Dana Holanová

Personal information
- Other names: Dana Novotná

Figure skating career
- Country: Czechoslovakia
- Partner: Jaromír Holan Jaroslav Hainz
- Retired: c. 1969

= Dana Holanová =

Ice dancer

Dana Holanová, née Novotná, is a former ice dancer who represented Czechoslovakia. With Jaromír Holan, she is the 1967 Prague Skate silver medalist, the 1967 Prize of Moscow News bronze medalist, and a two-time Czechoslovak national champion. They finished in the top ten at three ISU Championships.

== Personal life ==
Holanová was born Dana Novotná. She married Jaromír Holan and changed her surname to Holanová (feminine form of Holan) in 1968. Their daughter, Canadian soccer player Martina Franko, was born on 13 January 1976 in Los Altos, California.

== Career ==
Novotná competed in partnership with Jaroslav Hainz during at least two seasons. The duo won bronze medals at the 1965 Blue Swords and 1966 Prize of Moscow News. They also took bronze at two Czechoslovak Championships. They placed 11th at the 1967 European Championships in Ljubljana, Yugoslavia, and 17th at the 1967 World Championships in Vienna, Austria.

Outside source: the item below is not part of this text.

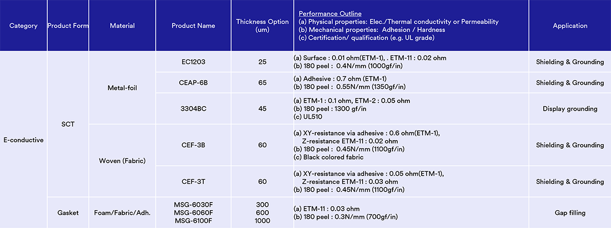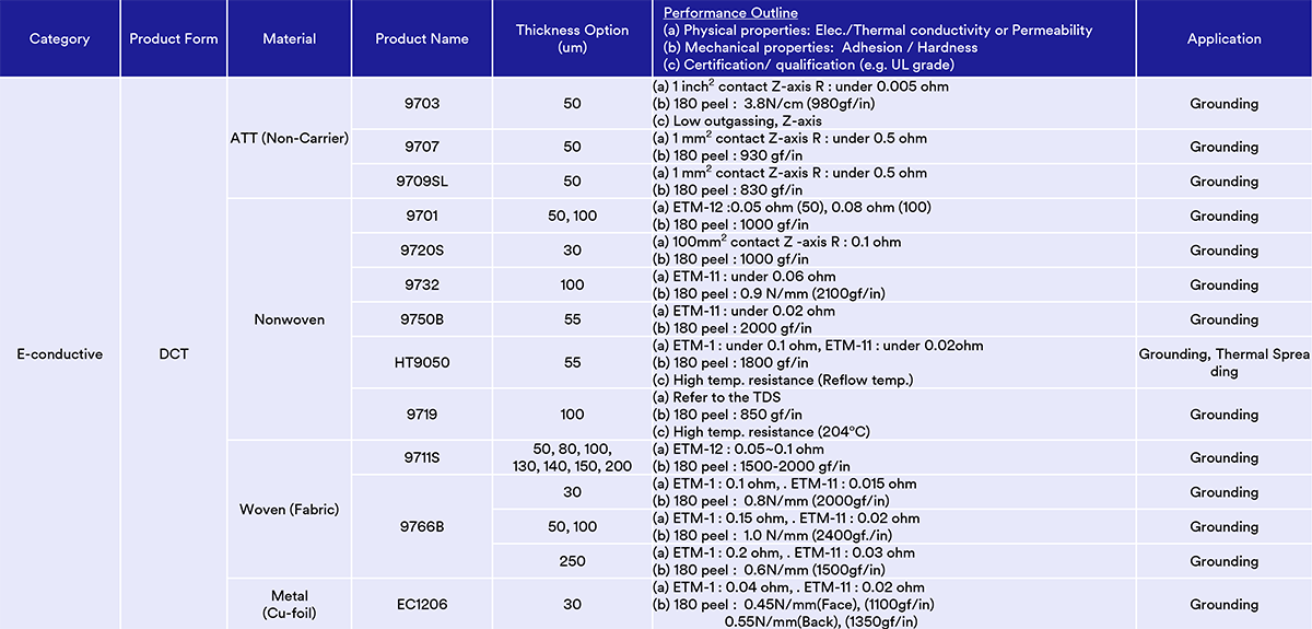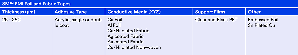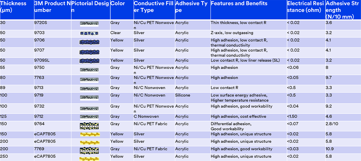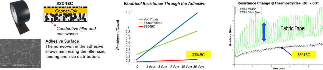3M new generation conductive foil tapes provide highly reliable electrical contact onto small size area thru the conductive adhesive which has the conductive non-woven fabric and well distributed fillers.
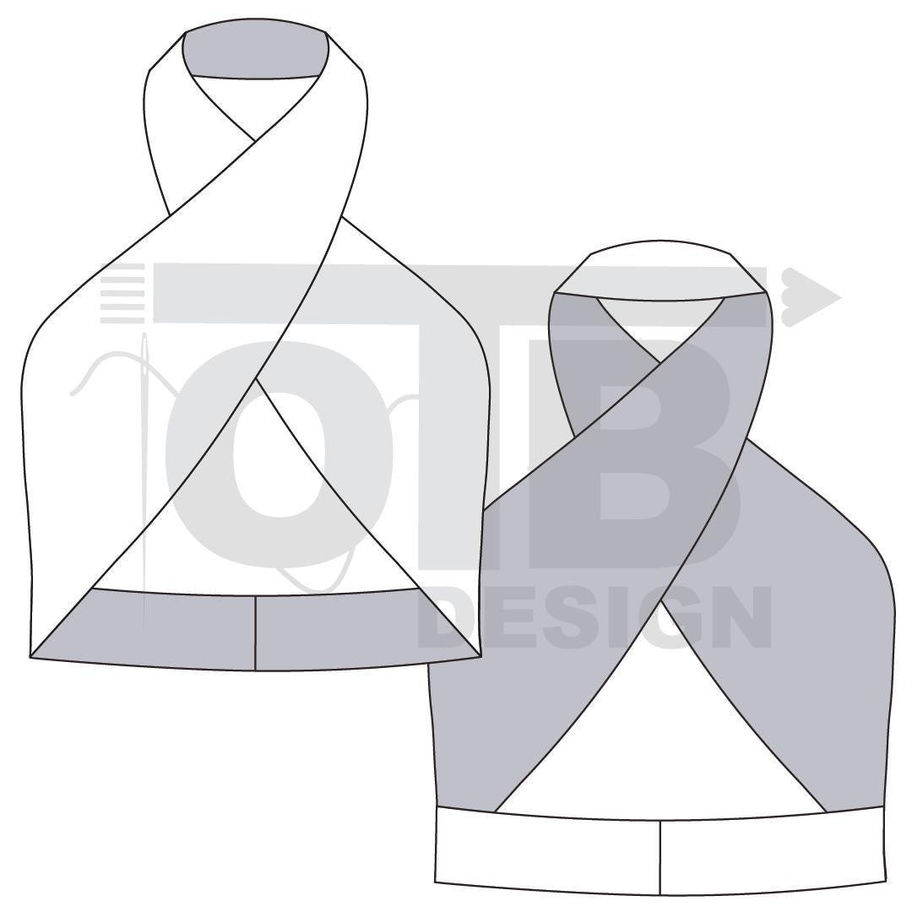 OTB Halter Twist Lace Up Bikini Top Vector Flat Technical Drawing Classic Blank

Novotná teamed up with Jaromír Holan in 1967. In their first season together, they won silver at the 1967 Prague Skate, bronze at the 1967 Prize of Moscow News, and gold at the Czechoslovak Championships. They placed tenth at the 1968 European Championships in Västerås, Sweden.

The following season, she began competing as Dana Holanová. After winning their second national title, the duo placed 7th at the 1969 European Championships in Garmisch-Partenkirchen, West Germany, and 8th at the 1969 World Championships in Colorado Springs, Colorado, United States.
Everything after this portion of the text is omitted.